-------- DATA --------

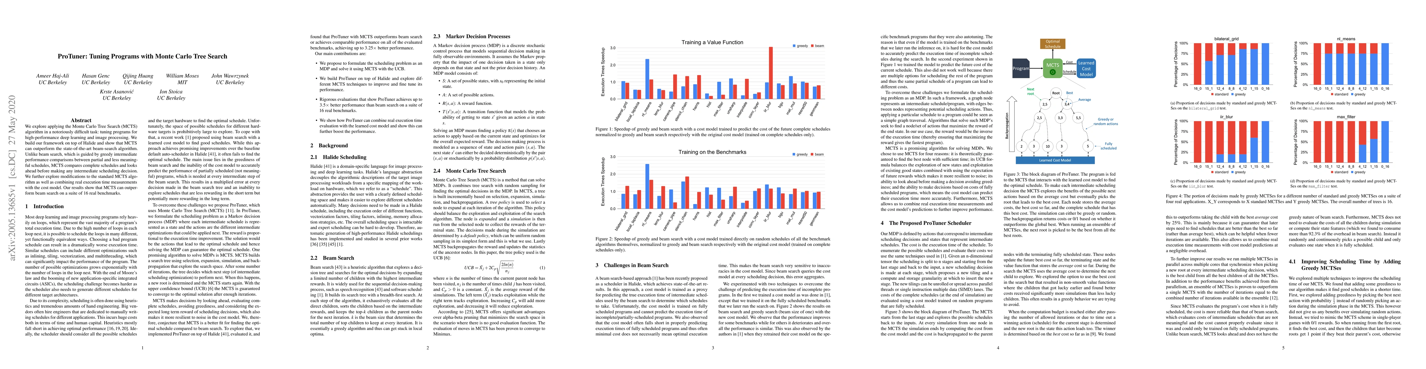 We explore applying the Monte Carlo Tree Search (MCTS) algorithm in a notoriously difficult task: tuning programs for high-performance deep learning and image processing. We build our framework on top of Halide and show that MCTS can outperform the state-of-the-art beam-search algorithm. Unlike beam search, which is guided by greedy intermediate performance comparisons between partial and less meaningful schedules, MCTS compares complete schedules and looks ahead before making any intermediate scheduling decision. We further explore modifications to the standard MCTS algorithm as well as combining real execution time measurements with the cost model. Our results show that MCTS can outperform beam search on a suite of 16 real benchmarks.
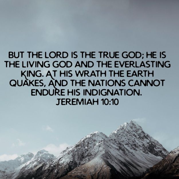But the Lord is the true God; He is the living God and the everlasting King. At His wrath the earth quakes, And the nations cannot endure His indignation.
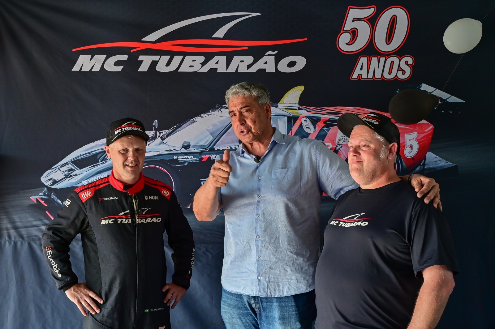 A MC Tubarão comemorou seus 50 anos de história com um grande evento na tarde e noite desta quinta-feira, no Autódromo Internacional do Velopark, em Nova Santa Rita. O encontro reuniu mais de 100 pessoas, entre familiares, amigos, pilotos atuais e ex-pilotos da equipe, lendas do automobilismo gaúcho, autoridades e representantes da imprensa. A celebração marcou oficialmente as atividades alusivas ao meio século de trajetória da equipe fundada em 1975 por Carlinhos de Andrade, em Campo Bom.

--------
-------- DATA --------

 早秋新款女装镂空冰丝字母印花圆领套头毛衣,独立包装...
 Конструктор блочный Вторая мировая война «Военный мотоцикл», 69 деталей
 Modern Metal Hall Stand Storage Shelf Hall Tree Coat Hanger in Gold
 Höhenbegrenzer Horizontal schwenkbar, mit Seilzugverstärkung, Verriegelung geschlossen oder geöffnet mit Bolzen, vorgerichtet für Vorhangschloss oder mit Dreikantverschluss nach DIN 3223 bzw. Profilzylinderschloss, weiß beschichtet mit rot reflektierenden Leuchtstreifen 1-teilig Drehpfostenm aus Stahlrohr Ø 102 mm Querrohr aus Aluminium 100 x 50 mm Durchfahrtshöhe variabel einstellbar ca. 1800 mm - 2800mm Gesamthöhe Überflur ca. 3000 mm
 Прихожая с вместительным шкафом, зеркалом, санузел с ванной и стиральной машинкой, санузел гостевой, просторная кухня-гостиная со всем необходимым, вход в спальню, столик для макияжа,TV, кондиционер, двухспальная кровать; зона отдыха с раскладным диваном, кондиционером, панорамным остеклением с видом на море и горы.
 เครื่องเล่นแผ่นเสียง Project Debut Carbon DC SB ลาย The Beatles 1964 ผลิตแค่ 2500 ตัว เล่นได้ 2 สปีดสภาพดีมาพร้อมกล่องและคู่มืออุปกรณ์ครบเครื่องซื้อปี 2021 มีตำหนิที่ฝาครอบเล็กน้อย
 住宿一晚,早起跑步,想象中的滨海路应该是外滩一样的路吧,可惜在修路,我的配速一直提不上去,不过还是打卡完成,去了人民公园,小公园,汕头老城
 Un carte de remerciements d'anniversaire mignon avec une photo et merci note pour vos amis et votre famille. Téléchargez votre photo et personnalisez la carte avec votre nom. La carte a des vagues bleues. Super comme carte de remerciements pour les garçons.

--------

**WORK ORDER**
From the entries above, extract only the lines running from the one containing "住宿一晚,早起跑步,想象中的" through the one containing "Un carte de", inclusive.

**WORKED SOLUTION**
 住宿一晚,早起跑步,想象中的滨海路应该是外滩一样的路吧,可惜在修路,我的配速一直提不上去,不过还是打卡完成,去了人民公园,小公园,汕头老城
 Un carte de remerciements d'anniversaire mignon avec une photo et merci note pour vos amis et votre famille. Téléchargez votre photo et personnalisez la carte avec votre nom. La carte a des vagues bleues. Super comme carte de remerciements pour les garçons.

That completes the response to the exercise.